假设我有一个表单的表达式.我知道我可以这样简化表达式:.但是,sympy.simplify和sympy.factor都返回原始表达式.
为了解决这个问题,我一直在低级别的表达式上运行:
factor_map = defaultdict(set)
additive_terms = expr.as_coeff_add()[-1]
for term1, term2 in combinations(additive_terms, 2):
common_terms = (
set(term1.as_coeff_mul()[-1])
& set(term2.as_coeff_mul()[-1])
)
if common_terms:
common_factor = sympy.Mul(*common_terms)
factor_map[common_factor] |= {term1, term2}
factor_map现在看起来像这样:
{
a: {a⋅x, -a⋅y},
b: {b⋅x, -b⋅y},
c: {-c⋅x, c⋅y},
x: {a⋅x, b⋅x, -c⋅x},
y: {-a⋅y, -b⋅y, c⋅y}
}
我按照术语表示的操作次数对其进行排序:
factor_list = sorted(
factor_map.items(),
key = lambda i: (i[0].count_ops() + 1) * len(i[1])
)[::-1]
然后我重建表达式:
used = set()
new_expr = 0
for item in factor_list:
factor = item[0]
appearances = item[-1]
terms = 0
for instance in appearances:
if instance not in used:
terms += instance.as_coefficient(factor)
used.add(instance)
new_expr += factor * terms
for term in set(additive_terms) - used:
new_expr += term
这给出了new_expr = d x *(a b – c)y *( – a – b c).不是很好,但更好.

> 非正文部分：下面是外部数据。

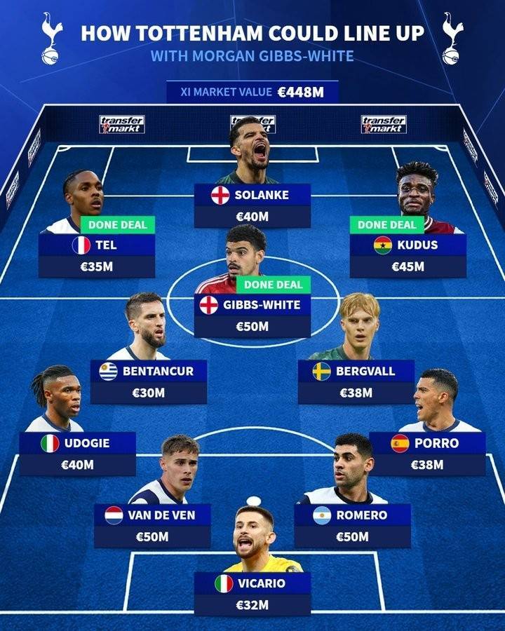 直播吧7月12日讯 热刺今夏连续敲定特尔、库杜斯和吉布斯-怀特,《转会市场》也预测了热刺新赛季的主力阵容。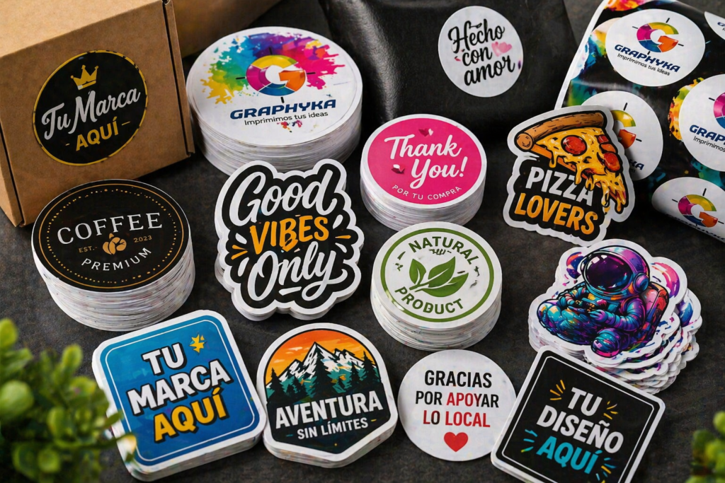 Impulsa tu marca con adhesivos personalizados ideales para productos, empaques, promociones y branding.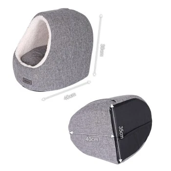 - RELEVANTE DATEN Diese Kuschelhöhle in den Außenmaßen 40x35x38 cm und den Farben Hellgrau und Dunkelgrau erhältlich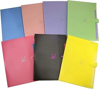 Lot de 7 porte-documents extensibles en plastique en accordéon, organiseur de documents pour bureau, école, format A4, avec 5 poches et fermeture à pression, multicolore

我还可以通过将每个附加项的组合相互划分,检查结果是否为数字,并使用该信息进一步将输出减少到new_expr = d(x-y)*(a b -c)来改进.
我也尝试将sympy.factor应用于每个可能的附加项组合,但很明显,对于任何合理的大表达,它都会很快爆发.

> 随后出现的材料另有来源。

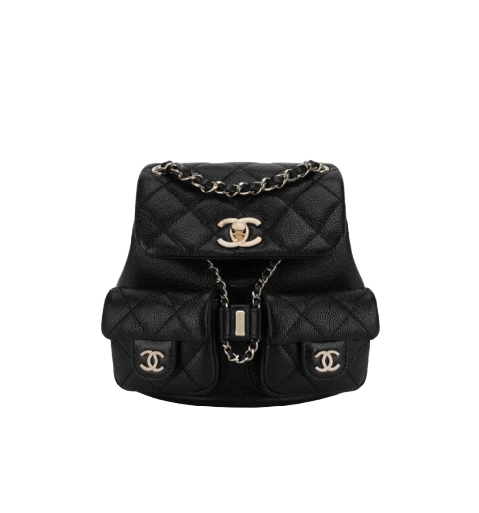 듀마 백팩 더블포켓 스몰(블랙/금장/캐비어)

编辑:这是一个在附加项集合的所有分区上使用sympy.factor的实现(从this answer借来的分区函数):
def partition(collection):
if len(collection) == 1:
yield [ collection ]
return
first = collection[0]
for smaller in partition(collection[1:]):
# insert `first` in each of the subpartition's subsets
for n, subset in enumerate(smaller):
yield smaller[:n] + [[ first ] + subset] + smaller[n+1:]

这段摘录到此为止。